- After a four-year-long legal battle, a California jury found Monster Energy drinks was not responsible for the heart attack experienced by 18-year-old Cody Dean Bledsoe, according to a press release.
- In the case, Bledsoe faulted the energy drink company for not disclosing the amount of caffeine in the beverage or the quantity’s potential consequences — such as the cardiac arrest and the subsequent medical issues he suffered.
- This is the first such case to get a verdict, Marc Miles, an attorney at Shook, Hardy & Bacon, said in the release. Although the jury found Monster not to be at fault after only 15 minutes of deliberation, The Wall Street Journal reported Bledsoe’s lawyer plans to appeal the verdict, saying the judge excluded several important studies from evidence.
This ruling in favor of Monster Energy drinks is key as consumer sentiment trends more toward natural stimulants and away from the caffeine-filled hype that once propelled energy drinks into the hands of consumers everywhere.
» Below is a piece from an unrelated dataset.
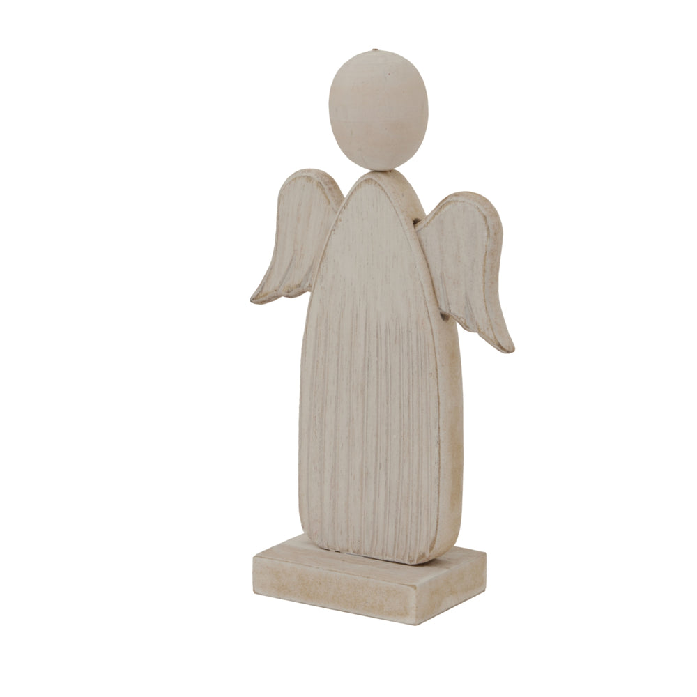 This ethereal decorative piece radiates serenity and grace with its distinctive whitewashed finish that gives it an authentically aged patina. The rustic treatment enhances the delicate details of the angel's flowing robes and peaceful countenance, creating an atmosphere of tranquillity and spiritual calm in any setting. The carefully considered proportions and gentle posture of the figure make it an ideal focal point for seasonal displays or year-round decoration. The weathered white finish allows this piece to coordinate seamlessly with both contemporary and traditional dcor schemes, while its modest scale makes it perfect for mantlepiece arrangements, console tables, or retail display units. For maximum visual impact, consider pairing this angel with complementary accessories such as antiqued metallic candlesticks, weathered ceramic vases, or textured seasonal garlands. The neutral palette works particularly well when grouped with mercury glass ornaments, pearl-finished baubles, or vintage-style beaded decorations. This versatile piece appeals to customers seeking to create mindful spaces with meaningful decorative elements that transcend seasonal boundaries. The durable construction ensures longevity in both commercial and domestic settings, making it an excellent choice for retailers looking to expand their range of decorative objects that resonate with consumers' increasing desire for items that convey both spiritual significance and aesthetic refinement.

What used to be a ubiquitous sight in grocery and convenience stores is now a product that has come under repeated scrutiny by a variety of stakeholders and consumers for its copious amounts of sugar and caffeine. Still, even with some negative press, energy drinks are a multibillion dollar business that is continuing to grow. According to research firm Euromonitor International, sales are expected to reach $15.3 billion in the U.S. this year. However, the annual growth rate has slowed to 1.5%. This is in stark contrast to 60% growth between 2008 and 2012.
A large part of the case had to do with the failure to disclose the quantity of several ingredients in the Monster beverages. Monster argued its products were safe and in fact contained fewer milligrams of caffeine than many other beverages. According to the Center for Science in the Public Interest, a 16-ounce Monster Energy drink contains 160 milligrams of caffeine, while a 16-ounce Starbucks coffee contains 310 milligrams.
"People often don't understand what's in the drink, and they make assumptions," Miles told The Wall Street Journal. "When the science and the evidence come out, it's clear."
But as far back as 2012, a report entitled "What’s all the Buzz about?” indicated a number of discrepancies, including "inconsistent marketing, labeling, and ingredient disclosure requirements [for] identical drinks being marketed to consumers differently, leading to confusion and a lack of transparency." The Los Angeles Times reported the company has received two subpoenas by New York regulators investigating the company’s advertising and ingredients.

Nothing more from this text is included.